Task brief
The answer must consist solely of the lines from the opening line of the entries through the line with "Compact предлагает интенсивную", transcribed exactly and without any pictures.

++++ Extracted entries ++++

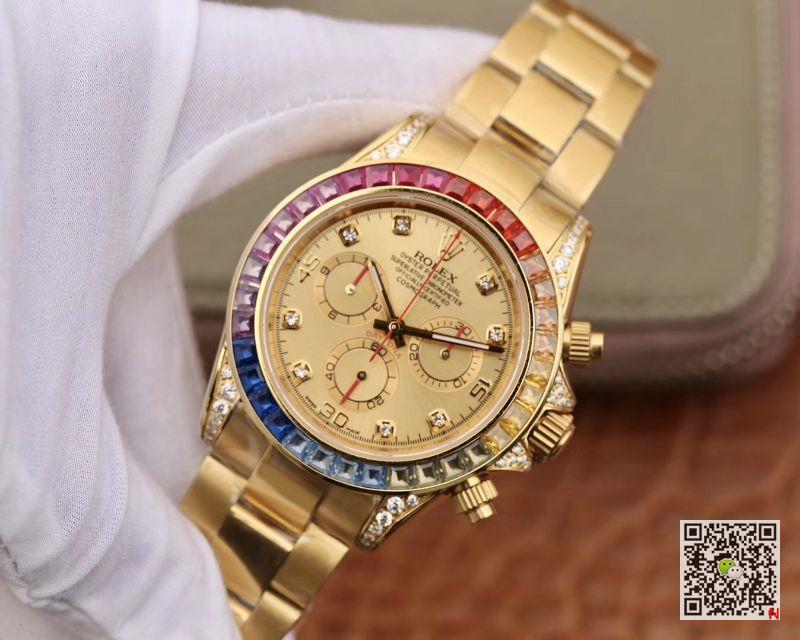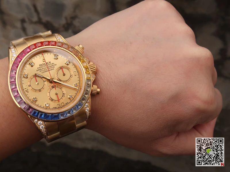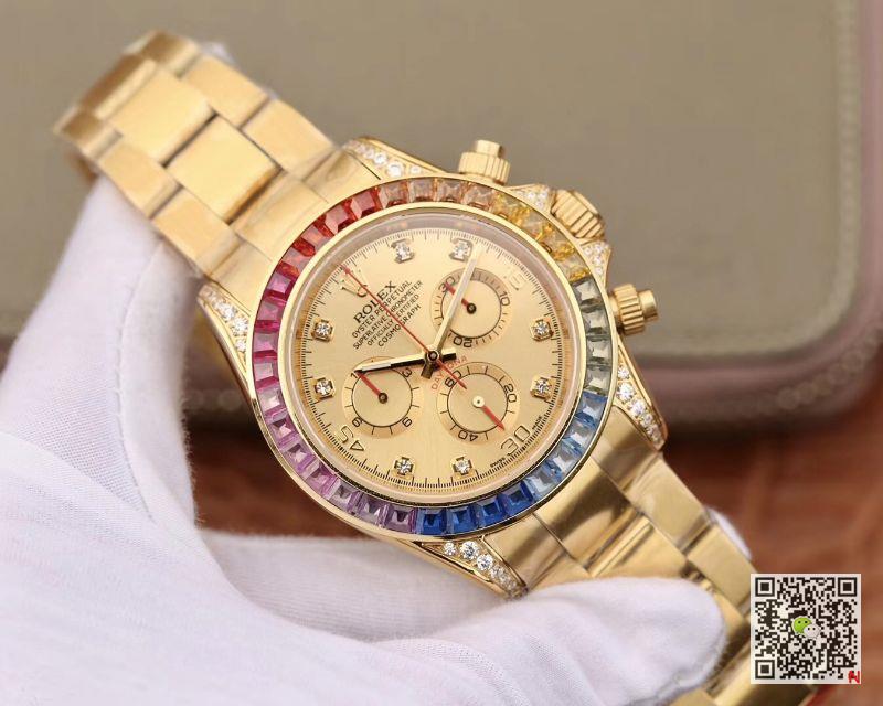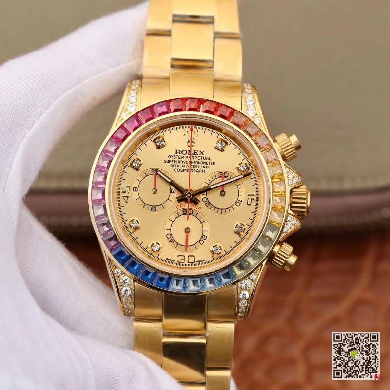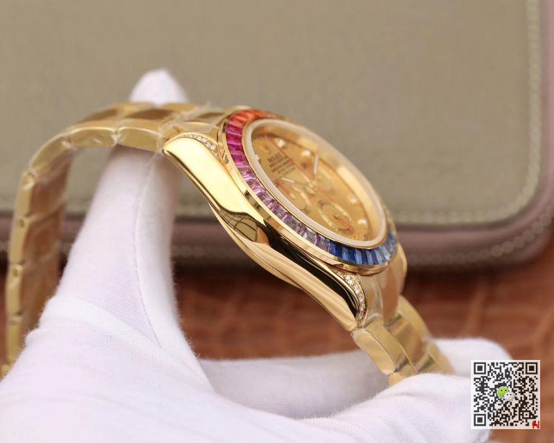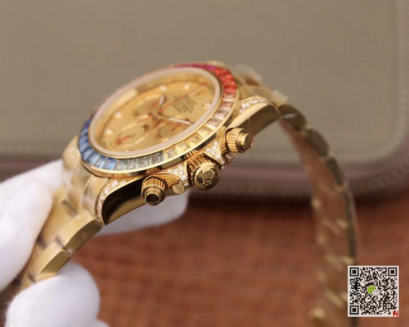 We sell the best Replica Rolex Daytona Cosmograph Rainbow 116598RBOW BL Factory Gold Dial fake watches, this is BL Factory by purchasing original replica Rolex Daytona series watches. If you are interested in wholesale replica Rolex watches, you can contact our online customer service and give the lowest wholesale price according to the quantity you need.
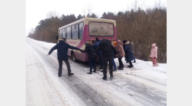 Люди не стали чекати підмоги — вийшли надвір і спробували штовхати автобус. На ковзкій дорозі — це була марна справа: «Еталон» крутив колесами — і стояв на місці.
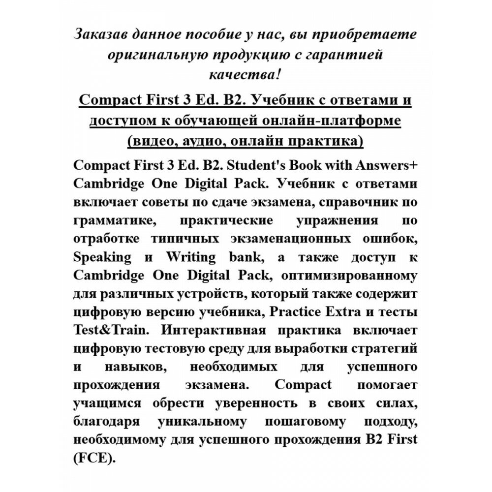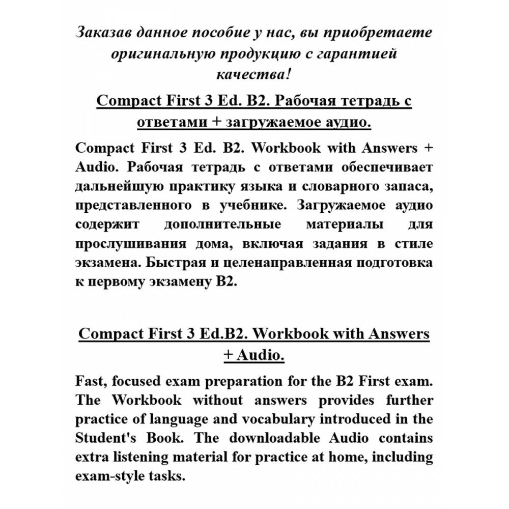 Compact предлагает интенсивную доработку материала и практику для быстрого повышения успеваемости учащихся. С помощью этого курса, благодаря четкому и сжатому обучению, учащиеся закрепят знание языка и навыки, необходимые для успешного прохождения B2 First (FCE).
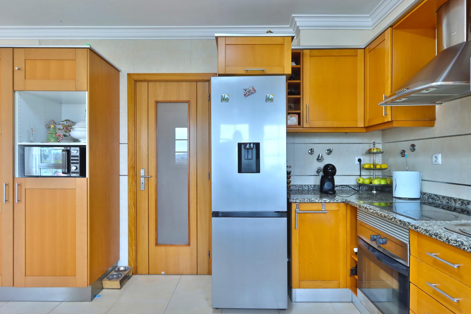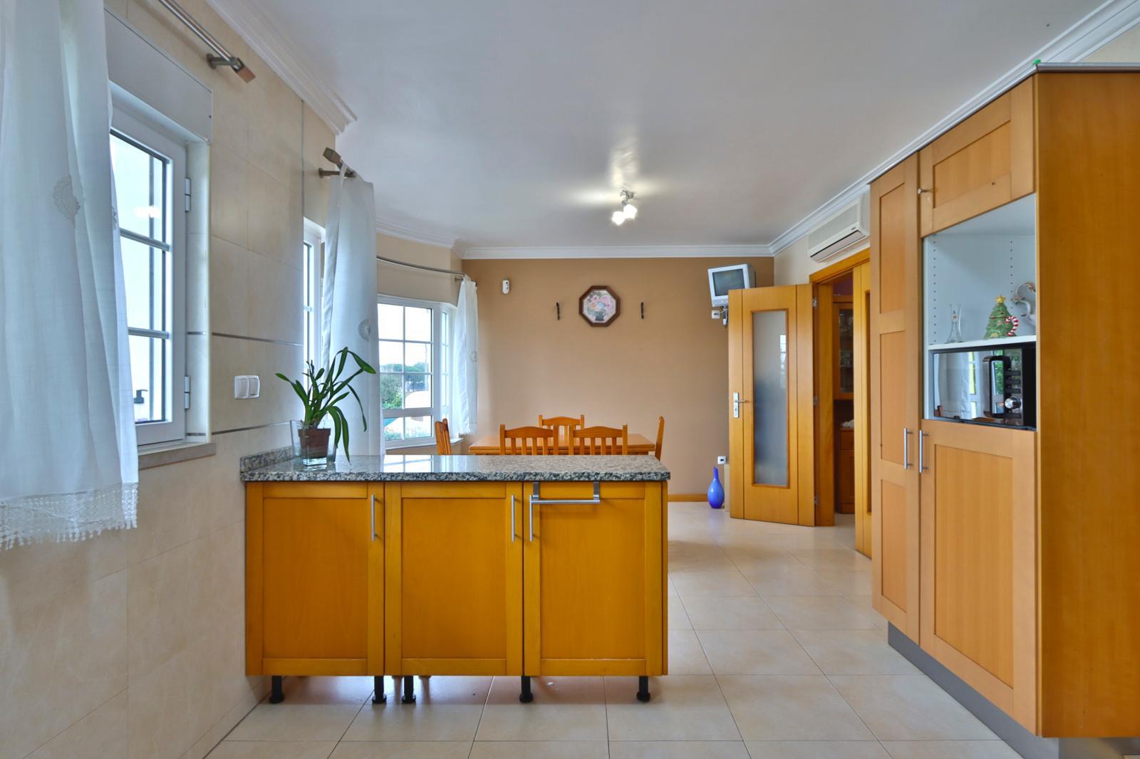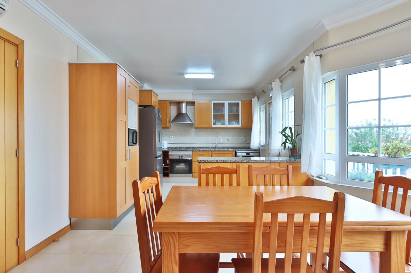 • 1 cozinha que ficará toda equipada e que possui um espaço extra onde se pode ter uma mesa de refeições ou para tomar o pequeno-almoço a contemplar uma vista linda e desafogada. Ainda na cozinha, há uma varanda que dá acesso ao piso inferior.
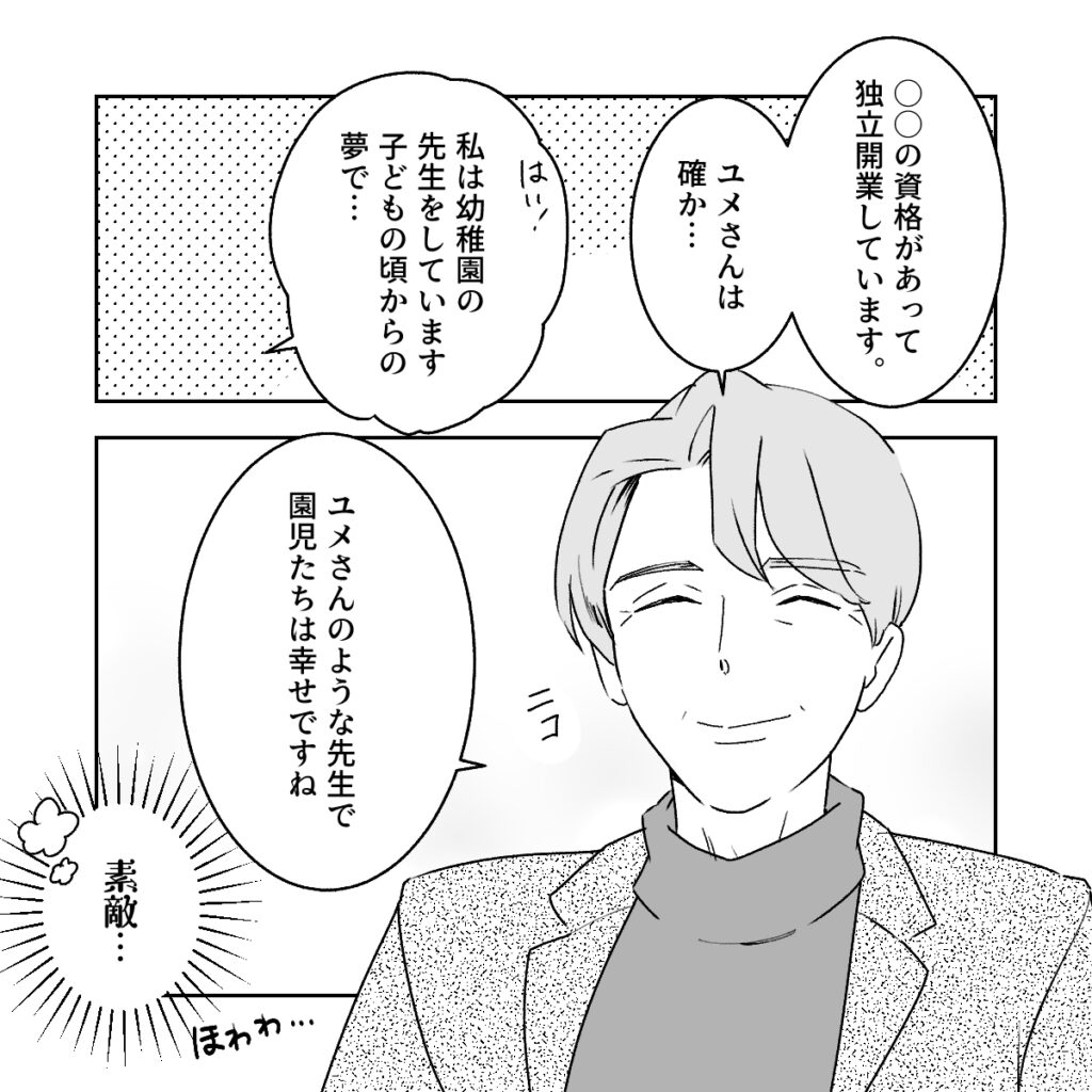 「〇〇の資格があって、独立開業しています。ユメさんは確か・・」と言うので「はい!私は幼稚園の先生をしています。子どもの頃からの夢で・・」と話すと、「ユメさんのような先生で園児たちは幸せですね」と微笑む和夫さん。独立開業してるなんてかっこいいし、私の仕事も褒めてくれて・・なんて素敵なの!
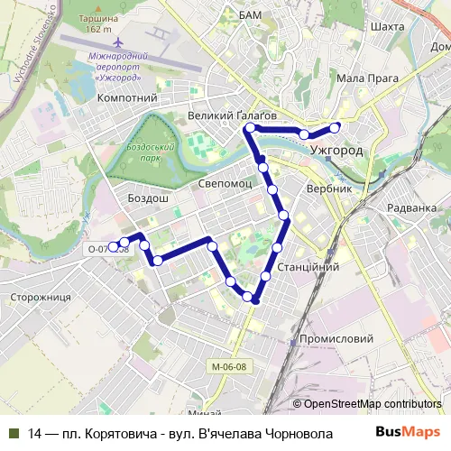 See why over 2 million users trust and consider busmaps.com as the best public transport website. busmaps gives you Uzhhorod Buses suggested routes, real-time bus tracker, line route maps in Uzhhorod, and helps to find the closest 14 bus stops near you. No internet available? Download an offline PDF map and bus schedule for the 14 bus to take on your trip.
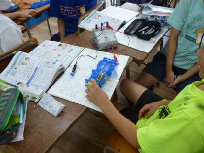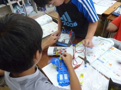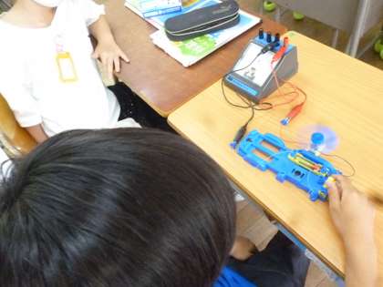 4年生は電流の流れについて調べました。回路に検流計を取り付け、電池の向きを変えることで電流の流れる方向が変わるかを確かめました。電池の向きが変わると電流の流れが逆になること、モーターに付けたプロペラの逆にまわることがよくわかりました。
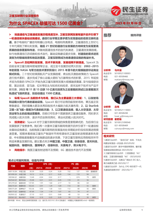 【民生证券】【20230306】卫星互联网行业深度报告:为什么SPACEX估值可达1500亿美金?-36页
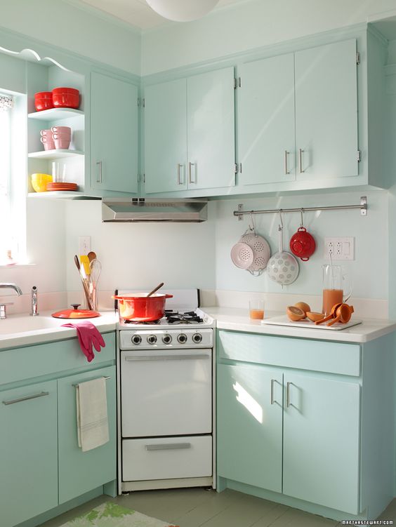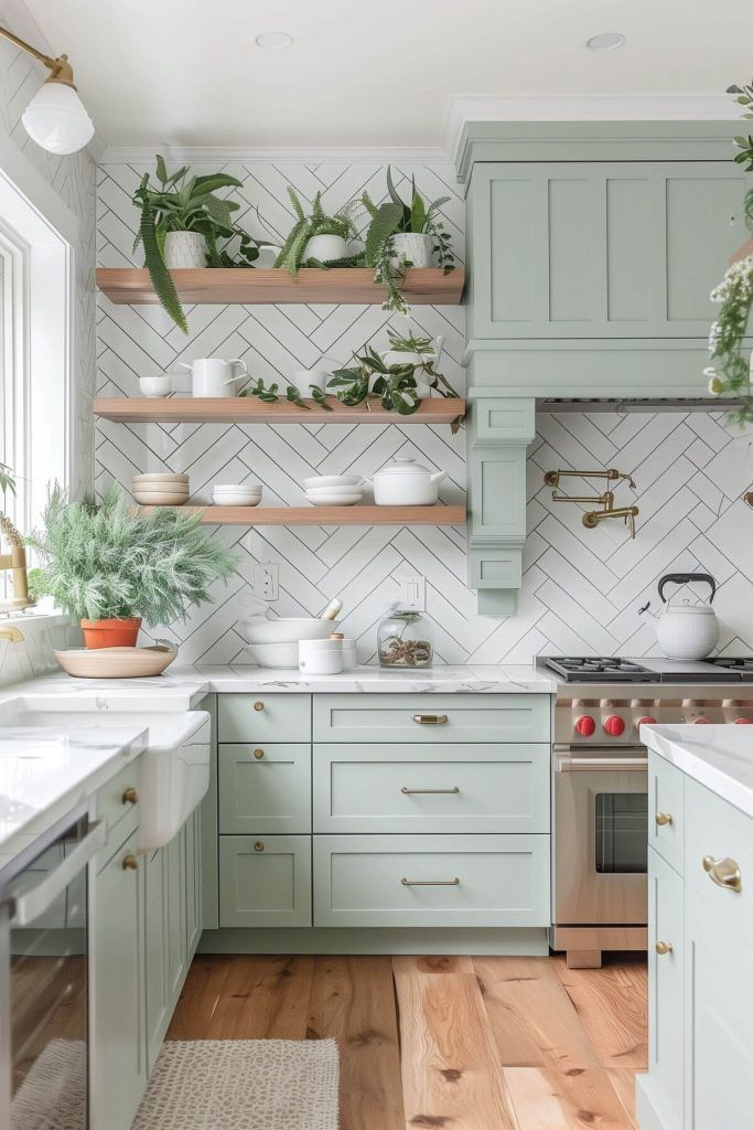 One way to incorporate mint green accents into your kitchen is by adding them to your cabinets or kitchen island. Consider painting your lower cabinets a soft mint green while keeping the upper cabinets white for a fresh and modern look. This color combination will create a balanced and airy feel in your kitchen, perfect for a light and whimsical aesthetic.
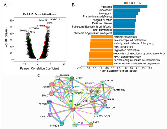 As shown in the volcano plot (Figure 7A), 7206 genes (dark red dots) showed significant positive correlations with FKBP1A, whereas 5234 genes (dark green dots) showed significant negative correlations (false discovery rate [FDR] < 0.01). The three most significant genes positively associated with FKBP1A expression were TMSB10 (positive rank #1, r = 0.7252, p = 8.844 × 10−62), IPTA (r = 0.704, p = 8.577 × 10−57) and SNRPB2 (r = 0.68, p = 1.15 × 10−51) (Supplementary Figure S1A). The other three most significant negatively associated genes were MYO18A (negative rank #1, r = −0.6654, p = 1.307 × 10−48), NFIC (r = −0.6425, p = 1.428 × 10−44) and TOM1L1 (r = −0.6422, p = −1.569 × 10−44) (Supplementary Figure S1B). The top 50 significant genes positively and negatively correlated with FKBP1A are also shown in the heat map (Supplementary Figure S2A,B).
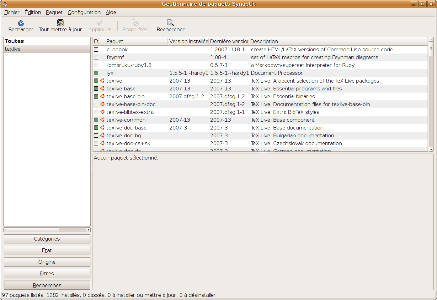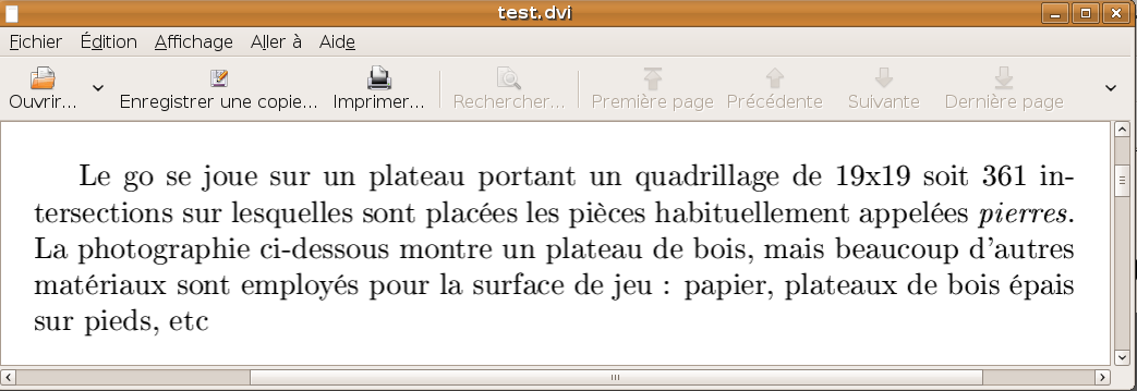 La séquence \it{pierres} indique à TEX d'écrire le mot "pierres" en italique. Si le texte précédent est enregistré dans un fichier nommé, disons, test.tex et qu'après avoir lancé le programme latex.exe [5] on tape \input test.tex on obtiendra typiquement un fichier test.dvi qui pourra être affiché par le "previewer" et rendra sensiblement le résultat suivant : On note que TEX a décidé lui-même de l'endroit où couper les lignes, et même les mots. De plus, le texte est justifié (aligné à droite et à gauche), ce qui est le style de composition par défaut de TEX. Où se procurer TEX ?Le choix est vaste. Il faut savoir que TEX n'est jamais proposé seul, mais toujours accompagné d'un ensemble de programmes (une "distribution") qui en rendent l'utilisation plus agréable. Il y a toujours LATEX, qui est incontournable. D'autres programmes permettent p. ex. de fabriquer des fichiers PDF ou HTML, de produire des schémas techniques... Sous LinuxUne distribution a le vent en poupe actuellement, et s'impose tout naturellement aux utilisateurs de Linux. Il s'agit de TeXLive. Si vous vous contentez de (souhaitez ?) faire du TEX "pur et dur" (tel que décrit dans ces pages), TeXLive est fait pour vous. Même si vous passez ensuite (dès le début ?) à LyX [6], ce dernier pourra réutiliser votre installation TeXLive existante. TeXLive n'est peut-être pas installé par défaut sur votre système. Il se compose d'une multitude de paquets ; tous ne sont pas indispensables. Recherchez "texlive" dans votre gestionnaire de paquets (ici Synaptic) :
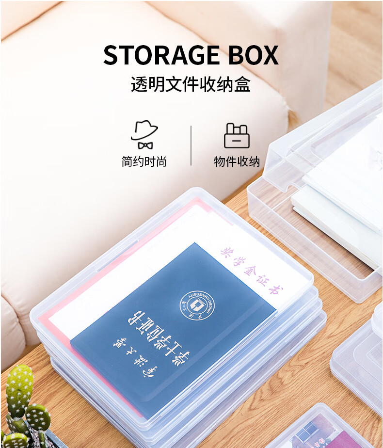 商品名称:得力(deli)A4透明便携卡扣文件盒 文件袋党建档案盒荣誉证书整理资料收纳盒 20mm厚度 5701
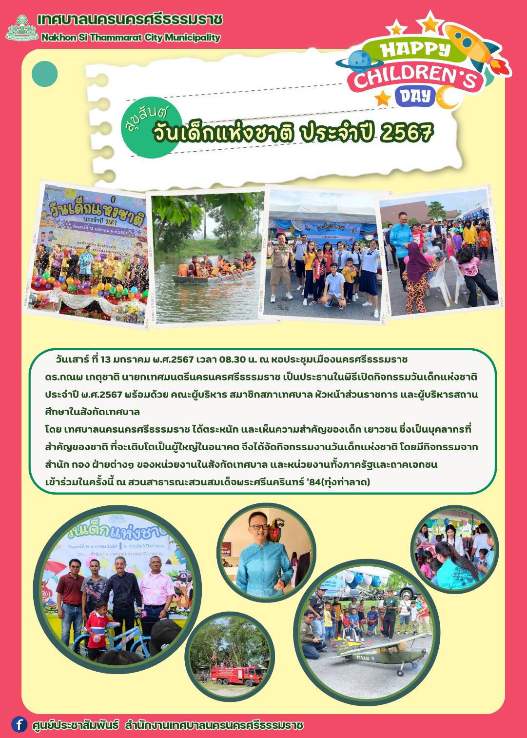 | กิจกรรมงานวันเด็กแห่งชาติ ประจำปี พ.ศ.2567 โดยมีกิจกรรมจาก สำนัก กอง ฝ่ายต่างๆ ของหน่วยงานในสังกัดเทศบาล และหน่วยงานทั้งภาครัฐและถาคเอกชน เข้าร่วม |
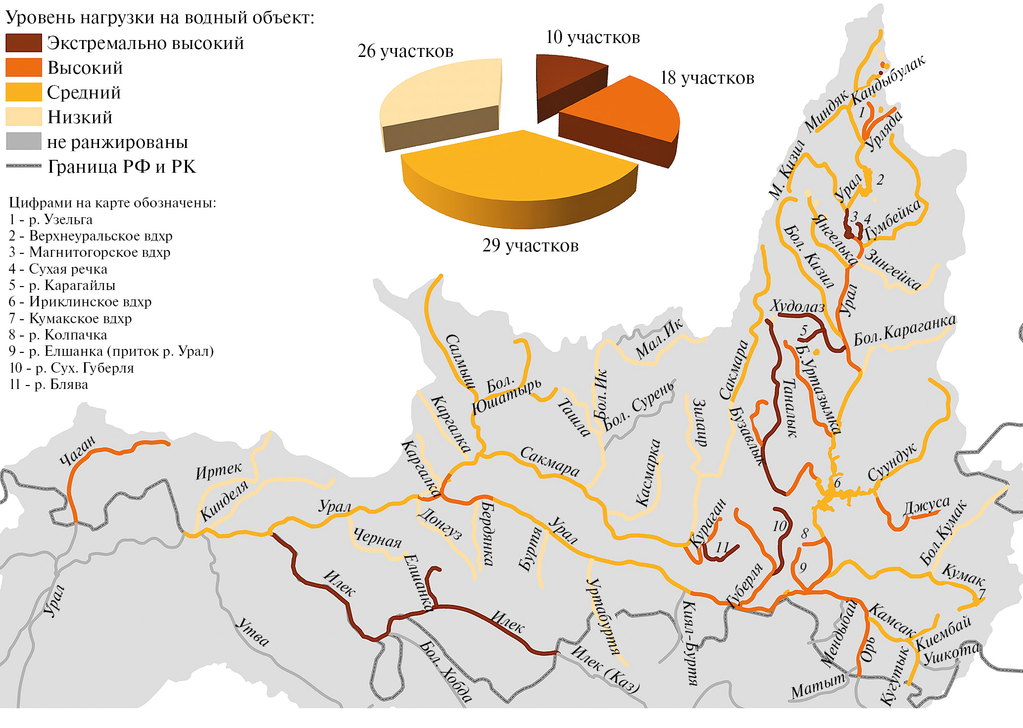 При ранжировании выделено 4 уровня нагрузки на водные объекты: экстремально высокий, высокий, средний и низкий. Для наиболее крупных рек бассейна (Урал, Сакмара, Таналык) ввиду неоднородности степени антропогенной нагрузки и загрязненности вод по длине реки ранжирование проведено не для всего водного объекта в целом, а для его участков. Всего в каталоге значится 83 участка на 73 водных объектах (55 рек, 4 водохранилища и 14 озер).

++++

Your response
 We sell the best Replica Rolex Daytona Cosmograph Rainbow 116598RBOW BL Factory Gold Dial fake watches, this is BL Factory by purchasing original replica Rolex Daytona series watches. If you are interested in wholesale replica Rolex watches, you can contact our online customer service and give the lowest wholesale price according to the quantity you need.
 Люди не стали чекати підмоги — вийшли надвір і спробували штовхати автобус. На ковзкій дорозі — це була марна справа: «Еталон» крутив колесами — і стояв на місці.
 Compact предлагает интенсивную доработку материала и практику для быстрого повышения успеваемости учащихся. С помощью этого курса, благодаря четкому и сжатому обучению, учащиеся закрепят знание языка и навыки, необходимые для успешного прохождения B2 First (FCE).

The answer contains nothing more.